CATATAN REDAKSI :
Terlahir dengan nama Ong Oen Log. Tetapi pria yang berusia 63 tahun pada 16 Maret mendatang ini lebih dikenal dengan julukan Log Zhelebour. Dalam rangkaian Hari Musik Nasional, suami Novianda Antasari ini membeber sejarah panjang perjalanannya di jagad hiburan negeri ini, khususnya musik rock.
ZAMAN memang berubah seiring bergulirnya waktu. Model promosi yang dulu diterapkan Log mungkin sekarang kurang efektif menggaet pasar. Pandemi Covid-19 juga membuat promosi on the spot atau lewat rangkaian tur tertahan.

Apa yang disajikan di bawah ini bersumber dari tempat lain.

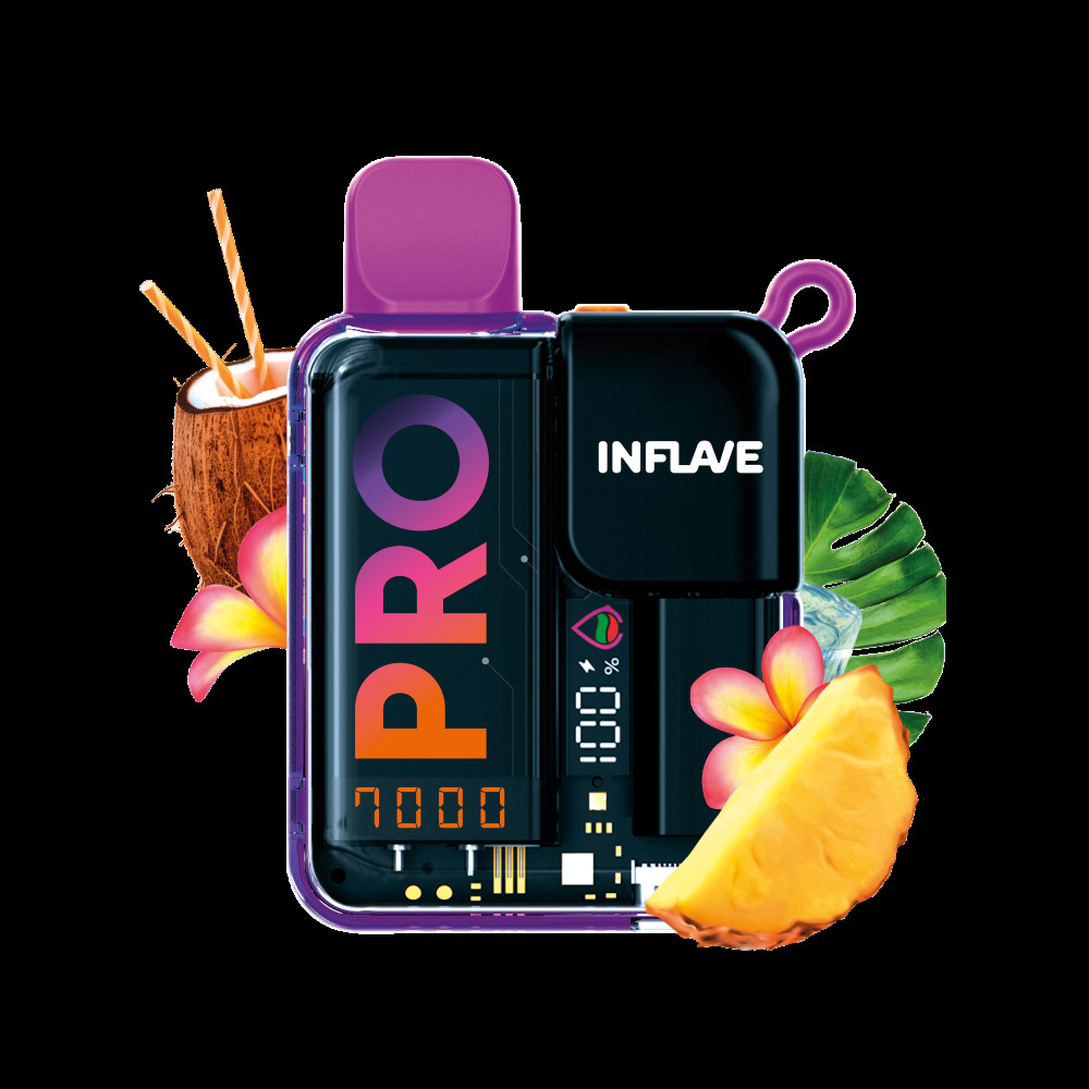 Электронная сигарета Inflave Pro 7000 затяжек Гавайская Свежесть. Экзотика в чистом виде для полного погружения в атмосферу релаксирующего солнечного отдыха. Топ-сочетание свежевыжатого, ананасового, кисло-сладкого сока и освежающих лепестков мяты.

Sementara itu, promosi melalui dunia digital juga butuh penyesuaian yang tidak sebentar.
Pada masa jayanya konser dan festival, musik rock mendapatkan energi dari kerumunan massa. Log pernah mendatangkan White Lion dan Skid Row, kemudian menggandengannya dengan band cadas lokal, Jamrud dan Kobe dalam pentas tur di lima kota: White Lion-Jamrud, dan Skid Row-Kobe.
Tiket konser band yang musiknya keras dan lirik lagunya lebih banyak berisi umpatan dan makian itu laris manis. Log dan sumber dayanya bisa membuat hal-hal yang sepertinya mustahil menjadi nyata.
Di Yogyakarta dan Bandung, menurut Log, model konser dan festival musik rock masih berjalan. Bahkan, dua kota itu punya event tahunan yang masih konsisten diselenggarakan.
“Surabaya tidak punya lagi event seperti itu. Tidak ada kegiatan,” cetusnya.
Sosok yang tak bisa dilepaskan dari perjalanan grup rock macam Elpamas, Kaisar, dan Power Metal ini lalu menjabarkan penyebab Surabaya kini jauh dari ingar bingar panggung rock.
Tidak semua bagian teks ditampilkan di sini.